Python使用正则表达式从字符串中删除最后一个字符_

Question

I know there are a bunch of other regex questions, but I was hoping someone could point out what is wrong with my regex. 我知道还有很多其他正则表达式问题，但我希望有人能指出我的正则表达式有什么问题。 I have done some research into it and it looks like it should work. 我已经对其进行了一些研究，看起来它应该可以工作。 I used rubular to test it, yes I know that is regex for ruby, but the same rules I used should apply to python from what it looks like in the python docs 我用rubular进行了测试，是的，我知道这是ruby的正则表达式，但是我使用的相同规则应该从python文档中的外观上应用于python

Currently I have 目前我有

a = ["SDFSD_SFSDF234234","SDFSDF_SDFSDF_234324","TSFSD_SDF_213123"]
c = [re.sub(r'[A-Z]+', "", x) for x in a]

which returns 哪个返回

['SDFSD_SFSDF', 'SDFSDF_SDFSDF_', 'TSFSD_SDF_']

But I want it to return 但我要它回来

['SDFSD_SFSDF', 'SDFSDF_SDFSDF', 'TSFSD_SDF']

I try to use this regex 我尝试使用此正则表达式

c = [re.sub(r'$?_[^A-Z_]+', "", x) for x in a]

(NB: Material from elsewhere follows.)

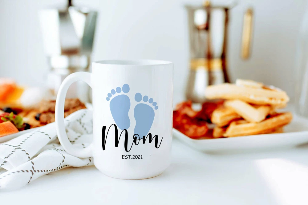 Mother's Day Mug Blue Baby Feet Mug Mom Established 2021 Gift For Expecting Product Details.. This high quality 11oz. ceramic white mug has a premium hard coat that provides crisp and vibrant color reproduction sure to last for years. Perfect for all hot & cold beverages. The highest quality printing possible is used. It will never fade no matter how many times you wash it. Material: 100% Ceramic. Print both sides. Dishwasher and Microwave Safe. High Gloss + Premium White Finish. Printed in the U.S.A. Personalized & Custom. We support personalized and custom mug to add custom, when placing an order, you can add notes to the "order note" in shipping address section. Also you can contact us directly via message. Shipping Info. Ready to ship in 1 to 2 business days, All products are made-to-order and proudly printed in the United States. Shipped by USPS and DHL, You will receive your order in 5-7 days. Replace & Refund. All products are defective during shipping broken, chipped will be replaced free of charge. You are not satisfied with the product, we will refund 100% money to you. If any other issues arise, please do not hesitate to message, we would be more than happy to assist you.

but I am getting this error 但我收到此错误

Traceback (most recent call last):
  File "<stdin>", line 1, in <module>
  File "/usr/lib64/python2.6/re.py", line 151, in sub
    return _compile(pattern, 0).sub(repl, string, count)
  File "/usr/lib64/python2.6/re.py", line 245, in _compile
    raise error, v # invalid expression

Can anyone help me figure out what I am doing wrong? 谁能帮助我找出我做错了什么？

Answer 1

import re

a = ["SDFSD_SFSDF234234","SDFSDF_SDFSDF_234324","TSFSD_SDF_213123"]
c = [re.match(r'[A-Z_]+[A-Z]', x).group() for x in a]

print c

Results: 结果：

['SDFSD_SFSDF', 'SDFSDF_SDFSDF', 'TSFSD_SDF']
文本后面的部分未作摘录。